Gue langsung masuk ke dalam kelas dan menaruh tas di tempat duduk bagian depan tepat sebelah kursi ketua kelas gue, namanya Fauzi. Gue emang selalu ngambil tempat duduk di bagian depan. Pura-puranya gue pinter.
“Eh, dosen mana nih?” tanya gue ke Fauzi.
“Ini dosen baru aja sms gue.” jawab Fauzi.
Fauzi lalu berdiri ke depan kelas, “Tenang dulu, ini ada balesan dari dosen,” Tiba-tiba seisi kelas sunyi.

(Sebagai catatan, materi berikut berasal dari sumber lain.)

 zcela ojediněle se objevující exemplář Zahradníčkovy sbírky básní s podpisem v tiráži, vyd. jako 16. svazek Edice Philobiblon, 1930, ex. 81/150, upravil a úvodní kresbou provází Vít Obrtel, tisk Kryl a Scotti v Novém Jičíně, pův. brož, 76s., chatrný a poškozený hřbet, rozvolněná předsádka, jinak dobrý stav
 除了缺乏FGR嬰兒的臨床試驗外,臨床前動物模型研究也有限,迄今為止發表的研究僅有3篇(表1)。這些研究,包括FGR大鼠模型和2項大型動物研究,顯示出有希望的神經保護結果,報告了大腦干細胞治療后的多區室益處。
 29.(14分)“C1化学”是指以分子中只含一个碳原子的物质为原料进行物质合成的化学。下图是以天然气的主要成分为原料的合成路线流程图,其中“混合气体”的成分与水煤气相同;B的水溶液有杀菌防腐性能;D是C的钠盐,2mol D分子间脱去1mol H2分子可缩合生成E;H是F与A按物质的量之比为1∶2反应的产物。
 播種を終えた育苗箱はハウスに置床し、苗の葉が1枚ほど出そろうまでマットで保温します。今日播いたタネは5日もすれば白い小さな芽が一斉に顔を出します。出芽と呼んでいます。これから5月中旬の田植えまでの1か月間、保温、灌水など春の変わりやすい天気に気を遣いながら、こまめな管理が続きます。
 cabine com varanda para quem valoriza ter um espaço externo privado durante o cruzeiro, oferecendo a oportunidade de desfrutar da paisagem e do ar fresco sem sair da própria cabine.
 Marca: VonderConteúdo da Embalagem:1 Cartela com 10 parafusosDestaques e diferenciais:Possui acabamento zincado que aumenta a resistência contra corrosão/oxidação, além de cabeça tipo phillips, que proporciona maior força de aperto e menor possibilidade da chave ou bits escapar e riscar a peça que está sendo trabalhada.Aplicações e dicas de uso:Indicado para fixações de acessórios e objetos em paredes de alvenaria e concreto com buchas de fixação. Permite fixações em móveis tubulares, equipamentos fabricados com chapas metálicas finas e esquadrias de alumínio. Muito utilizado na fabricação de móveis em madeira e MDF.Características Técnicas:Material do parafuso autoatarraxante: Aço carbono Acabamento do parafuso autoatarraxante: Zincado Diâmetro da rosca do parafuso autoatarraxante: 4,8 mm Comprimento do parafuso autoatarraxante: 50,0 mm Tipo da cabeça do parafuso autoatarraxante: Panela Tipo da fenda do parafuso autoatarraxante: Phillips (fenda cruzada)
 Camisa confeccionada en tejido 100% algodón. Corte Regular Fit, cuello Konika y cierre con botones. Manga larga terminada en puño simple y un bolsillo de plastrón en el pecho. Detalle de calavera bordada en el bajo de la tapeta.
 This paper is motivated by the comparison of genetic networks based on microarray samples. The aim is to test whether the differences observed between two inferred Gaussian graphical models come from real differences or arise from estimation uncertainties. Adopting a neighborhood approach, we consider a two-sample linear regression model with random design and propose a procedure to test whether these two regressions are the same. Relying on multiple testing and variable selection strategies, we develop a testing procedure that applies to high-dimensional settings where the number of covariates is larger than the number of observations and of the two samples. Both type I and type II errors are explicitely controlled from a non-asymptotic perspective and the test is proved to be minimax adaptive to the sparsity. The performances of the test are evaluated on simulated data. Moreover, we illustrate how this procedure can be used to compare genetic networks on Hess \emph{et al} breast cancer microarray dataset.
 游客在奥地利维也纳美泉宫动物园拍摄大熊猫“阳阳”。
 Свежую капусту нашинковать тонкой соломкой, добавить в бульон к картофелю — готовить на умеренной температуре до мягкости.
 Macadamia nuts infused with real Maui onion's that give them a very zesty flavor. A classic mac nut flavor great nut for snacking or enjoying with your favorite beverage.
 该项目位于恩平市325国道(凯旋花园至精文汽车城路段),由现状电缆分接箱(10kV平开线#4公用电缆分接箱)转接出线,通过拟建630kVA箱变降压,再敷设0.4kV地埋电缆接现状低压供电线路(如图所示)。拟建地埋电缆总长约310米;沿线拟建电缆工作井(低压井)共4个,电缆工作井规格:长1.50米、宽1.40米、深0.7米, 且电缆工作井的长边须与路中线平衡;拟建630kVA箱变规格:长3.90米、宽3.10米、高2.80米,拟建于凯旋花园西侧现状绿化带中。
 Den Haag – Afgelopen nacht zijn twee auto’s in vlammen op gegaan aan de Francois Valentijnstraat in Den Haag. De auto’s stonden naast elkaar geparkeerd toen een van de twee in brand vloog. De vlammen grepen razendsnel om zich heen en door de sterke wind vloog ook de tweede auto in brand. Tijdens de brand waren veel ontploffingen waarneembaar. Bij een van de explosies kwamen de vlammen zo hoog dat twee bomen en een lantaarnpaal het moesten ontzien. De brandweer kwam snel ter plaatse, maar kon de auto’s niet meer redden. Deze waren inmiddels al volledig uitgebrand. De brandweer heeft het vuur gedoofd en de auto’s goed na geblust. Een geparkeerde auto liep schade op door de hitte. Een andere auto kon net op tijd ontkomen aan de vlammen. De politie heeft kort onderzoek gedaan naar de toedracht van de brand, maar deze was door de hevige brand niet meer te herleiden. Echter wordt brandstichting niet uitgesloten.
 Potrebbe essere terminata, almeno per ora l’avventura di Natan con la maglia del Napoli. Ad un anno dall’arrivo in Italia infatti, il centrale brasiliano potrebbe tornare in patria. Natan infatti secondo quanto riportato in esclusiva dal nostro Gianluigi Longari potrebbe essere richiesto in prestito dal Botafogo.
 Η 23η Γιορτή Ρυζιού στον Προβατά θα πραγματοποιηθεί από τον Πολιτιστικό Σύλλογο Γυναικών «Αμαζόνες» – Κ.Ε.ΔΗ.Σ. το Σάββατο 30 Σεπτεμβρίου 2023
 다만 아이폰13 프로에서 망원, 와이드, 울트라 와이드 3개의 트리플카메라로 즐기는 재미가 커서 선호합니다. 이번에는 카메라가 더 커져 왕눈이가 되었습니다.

Hanya Fauzi yang bersuara kala itu, “Katanya, perkuliahan hari ini di tiadakan karena dia lagi berangkat ke Medan.”
Isi kelas mulai kembali ribut. Ada yang teriak YEEEEE karena merasa bebas gak ada kelas. Ada juga yang teriak YAAAAHHH karena merasa sia-sia bangun pagi. Gue termasuk salah satu yang teriak YAAH. Gak lama kemudian anak-anak pada cabut dari kelas menuju kantin.
Waktu di kantin, gue cuma pesan minuman es cappucino cincau. Di kantin kampus jurusan gue, gue paling jarang pesan makanan. Masalahnya porsi makanannya dikit, terus mahal. Takutnya kalo gue sering makan disini, jatah makan gue gak sampe akhir bulan.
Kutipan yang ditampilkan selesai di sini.